Peter Collingbourne via llvm-dev llvm-dev at lists.llvm.org
Wed Feb 10 14:42:08 PST 2016

On Fri, Feb 05, 2016 at 05:35:14PM -0800, David Blaikie wrote:
> On Fri, Feb 5, 2016 at 5:04 PM, Peter Collingbourne <peter at pcc.me.uk> wrote:
> > Thanks, I'll look into that. (Though earlier you told me that debug info
> > for types could be extended while walking the IR, so I wouldn't have
> > thought
> > that would have worked.)
> >
> >
> Yeah, had to think about it more - and as I think about it - I'm moderately
> sure type units (which don't include these latent extensions) will be
> pretty close to static. With just the stmt_list relocation in non-fission
> type units which /should/ still be knowable up-front.

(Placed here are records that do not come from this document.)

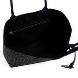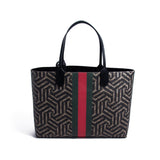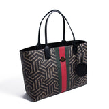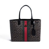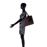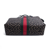 Details: Grey and Brown Coated Canvas / Silver-Tone Hardware / Detachable Leather Shoulder Strap / Handle at Back / Green and Red Stripe / Bee Embroidery at Front / Black Suede Lining / Zipper Pocket at Inside / Three Pockets, Two with Zipper Closure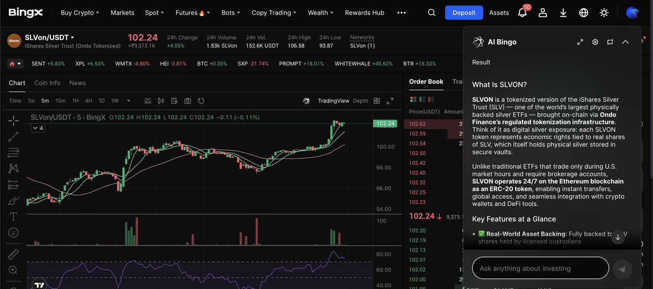 Para handlowa SLVon/USDT na rynku spot wspierana przez BingX AI insights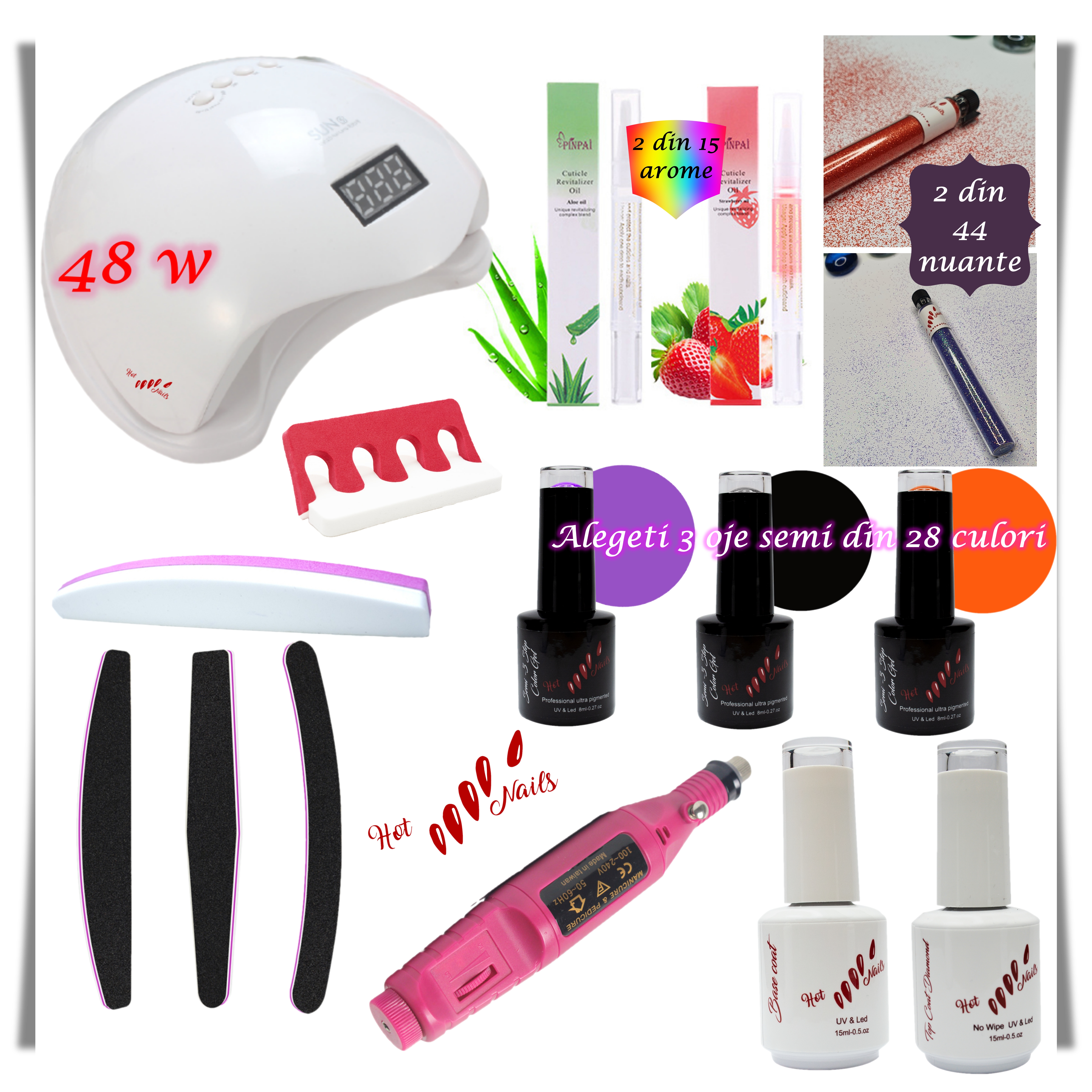 Fie ca esti la inceput de drum in meseria de manichiurista , fie ca doresti sa iti faci singura unghiile cu oja semipermanenta - HotNails te ajuta sa iti indeplinesti dorintele cu oferte de nerefuzat.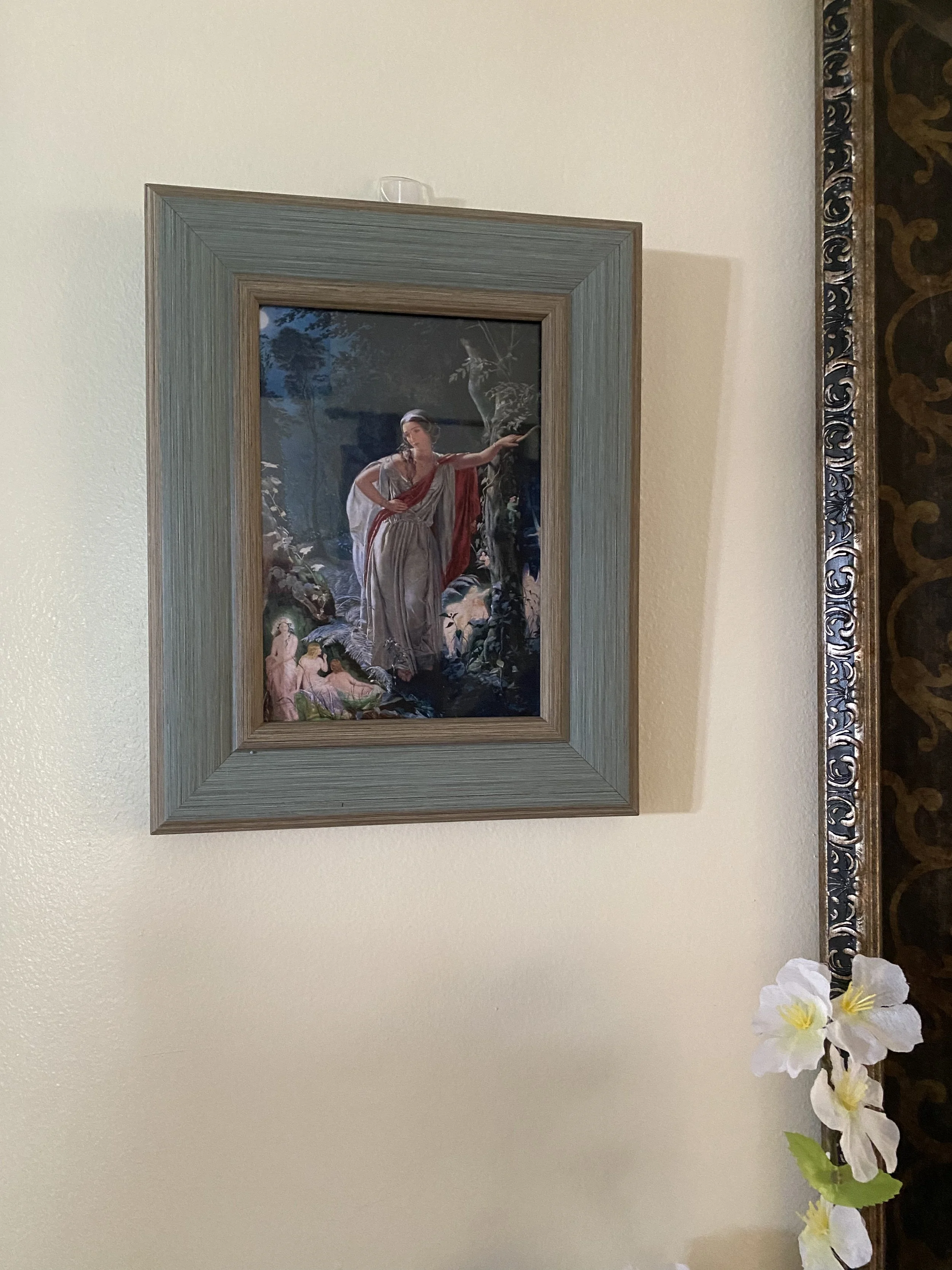 I added these Victorian artworks from the Shakespeare play to either side of the mirror, by John Simmons. Hermia and Lysander.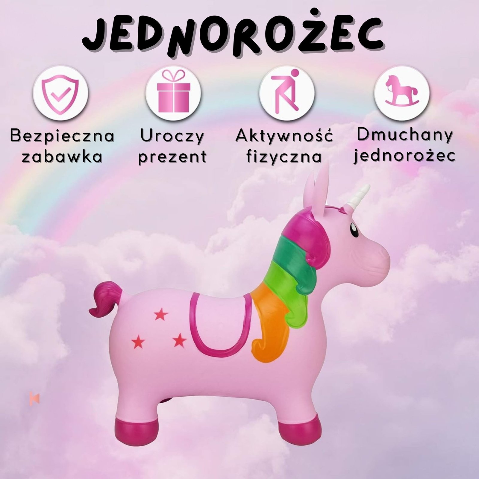 • 1x Pripučiamas vienaragis-šokliukas.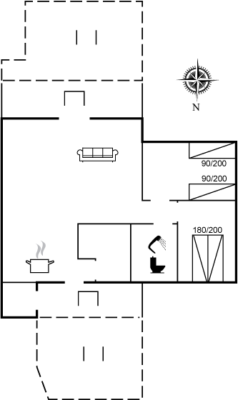 Der er 2 soveværelser med hver 2 sovepladser. Badeværelset er med bruseniche.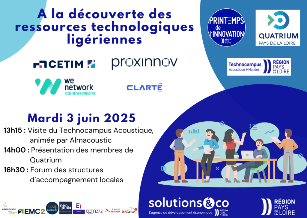 Industries du futur, vous voulez transformer une idée en action ? Vous ne savez pas sur quelles ressources technologiques vous appuyer ? Venez découvrir Quatrium Pays de la Loire (le regroupement de quatre Centres Techniques Régionaux ligériens : le Cetim, Clarté, Proxinnov et WeNetwork) et échanger avec les partenaires présents le mardi 3 juin 2025 à 14h au Technocampus Acoustique du Mans

I've implemented a change which does this, and looked at impact on memory
consumption and binary size running "llc" on Chromium's 50 largest (by
bitcode size) translation units. Bottom line: *huge* savings in total memory
consumption, median 17% when compared to before the change, median 7% when
compared to type units disabled.

(I'm not yet confident that my patch is correct (some of the section sizes
are different and I'll need to double check what's going on there) but I'll
send it out once I'm confident in it.)

I think we can do better, though. With type units enabled, the size of
.debug_info as a fraction of (.debug_info + .debug_types) is median ~40%,
so I think there's another ~12% that can be saved by avoiding DIE/DIEValue
retention for debug_info, bringing the total to ~30%. I expect numbers with
type units disabled to be in the same ballpark (with type units enabled,
we consume ~25% more space in the object file on .debug_info + .debug_types,
so the proportional savings may be less, but the absolute memory consumption
should be lower).  This also roughly lines up with the heap profiler figures
from before.

My conclusion from all this: I think we should do it, and I think it would
especially help in LTO mode with type units disabled: the type units feature
is redundant with LTO deduplication and would therefore add unnecessary bloat
to object files, which would mean increased memory usage (I measured a ~10%
median increase in memory usage comparing the current type units implementation
against type units disabled -- not an entirely fair comparison, but probably
good enough).

I have a plan in mind for doing this incrementally: we will start using the
more efficient data structure at the leaves of the DIE tree, and gradually
expand out to the root. You'll see what that looks like once I have my first
patch ready.